A man blows his nose.
A decline in the variety of life — including the plants and animals that live around us, as well as the microbes on our bodies — may play a role in the rapid rise in allergies and asthma, indicates new research.
The study focused on a predisposition for allergies among 118 Finnish teenagers, finding links between a healthy immune system (the body's system for fighting disease), growing up in more natural environments and the presence of certain skin bacteria.
The results support the idea that declining biodiversity might be contributing to the rapid rise in allergies, asthma, and other inflammatory diseases, which include autoimmune disorders and some types of cancers in the developed world, said Ilkka Hanski, a research professor at the University of Helsinki.
This idea — that the diversity of living things, including microbes, in an environment contributes to the development of normal immune system function in children — is called the biodiversity hypothesis. It builds upon the hygiene hypothesis, a theory that suggests exposure to certain microbes early in life helps train our immune systems not to respond to harmless foreign substances like pollen.
The hygiene hypothesis attributes an increase in allergies to a lack of childhood exposure to microbes. Essentially, we have become too clean for our own good, it says. [Infographic: Germs Are Everywhere!]
The more scientists learn about the tiny things that share our bodies — living in our guts, on our skin and elsewhere — the more questions arise about these microbes' role in our health.

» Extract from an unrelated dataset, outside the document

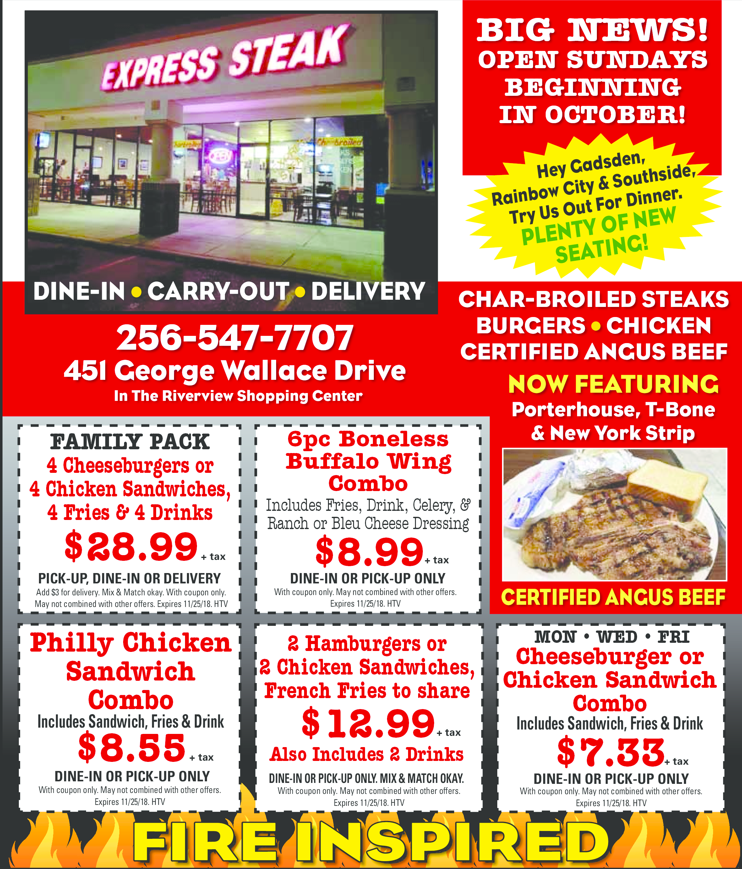 2 hamburgers or 2 chicken sandwiches, french fries to share. Also includes 2 drinks. Pick up, dine in or delivery. Add $3 for delivery. Mix and match okay. With coupon only. May not be combined with other offers. Expires 11/25/18

In this study, researchers examined the microbes living on the skin sample of 14 to 18 year olds living in eastern Finland nearly all of whom had lived in the same homes throughout their childhoods. They classified the environment within a 1.9-mile (3-kilometer) radius around the homes in which the teens had grown up, noting if it was, for example, forested, agricultural or built up, and surveyed the plants living in the yard, a proxy for boidiversity around the homes.
They also analyzed blood samples from the teenagers for levels of an antibody, immunoglobin E. High levels are a sign of allergies, which occur when someone's immune system is overly sensitive to harmless substances, such as pollen. (Allergies trigger inflammation, which is part of the immune system's response to injury or invasion.) [Take the Allergy Poll]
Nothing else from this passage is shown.